Whilst Googling around for something entirely unrelated, I stumbled on a discussion paper published in January of 2023 about Effective Altruism that argues Global Health & Wellbeing is basically a facade to get people into the way more controversial core of longtermism. I couldn't find something posted about it elsewhere on the forum, so I'll try to summarise here.

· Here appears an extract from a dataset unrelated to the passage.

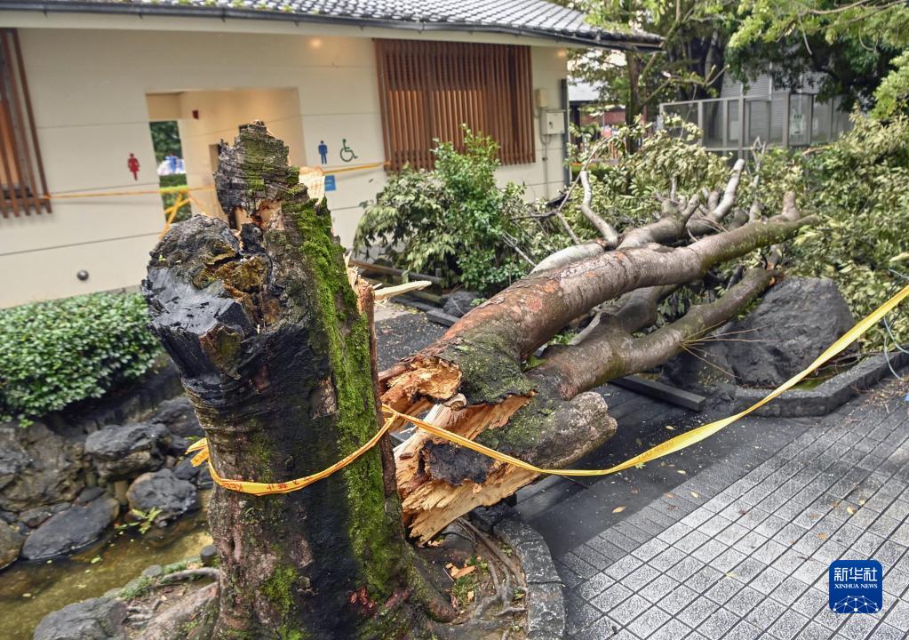 這是9月19日在日本高知縣拍攝的被強風折斷的樹木。

The paper argues that there is a big distinction between what they call public facing EA and Core EA. The former cares about global health and wellbeing (GH&W) whereas the latter cares about x-risks, animal welfare and "helping elites get advanced degrees" (which I'll just refer to as core topics). There are several more distinctions between public EA and core EA, e.g. about impartiality and the importance of evidence and reason. The author argues, based on quotes from a variety of posts from a variety of influential people within EA, that for the core audience, GH&W is just a facade such that EA is perceived as 'good' by the broader public, whilst the core members work on much more controversial core topics such as transhumanism that go against many of the principles put forward by GH&W research and positions. The author seems to claim that this was done on purpose and that GH&W merely exists as a method to "convert more recruits" to a controversial core of transhumanism that EA is nowadays. This substantial distinction between GH&W and core topics causes an identity crisis between people who genuinely believe that EA is about GH&W and people who have been convinced of the core topics. The author says that these distinctions have always existed, but have been purposely hidden with nice-sounding GH&W topics by a few core members (such as Yudkowsky, Alexander, Todd, Ord, MacAskill), as a transhumanist agenda would be too controversial for the public, although it was the goal of EA after all and always has been.
To quote from the final paragraph from the paper:
The ‘EA’ that academics write about is a mirage, albeit one invoked as shorthand for a very real phenomenon, i.e., the elevation of RCTs and quantitative evaluation methods in the aid and development sector. [...] Rather, my point is that these articles and the arguments they make—sophisticated and valuable as they are—are not about EA: they are about the Singer-solution to global poverty, effective giving, and about the role of RCTs and quantitative evaluation methods in development practice. EA is an entirely different project, and the magnitude and implications of that project cannot be grasped until people are willing to look at the evidence beyond EA’s glossy front-cover, and see what activities and aims the EA movement actually prioritizes, how funding is actually distributed, whose agenda is actually pursued, and whose interests are actually served.
I think the strategic ambiguity that the paper identifies is inherent to EA. The central concept of EA is so broad - "maximize the good using your limited resources" - that it can be combined with different assumptions to reach vastly different conclusions. For example, if you add assumptions like "influencing the long-term future is intractable and/or not valuable", you might reach the conclusion that the best thing to do with your limited resources is to mitigate global poverty through GiveWell-recommended charities or promoting economic growth. But if you tack on assumptions like "influencing the long-term future is tractable and paramount" and "the best way to improve the future is to reduce x-risk", then you get the x-risk and AI safety agenda.
This makes it challenging and often awkward to talk about what EA focuses on and why. But it's important to avoid describing EA in a way that implies it only supports either GHWB or the longtermist agenda. The paper cites this section of the EA Hub guide for EA groups which addresses this pitfall.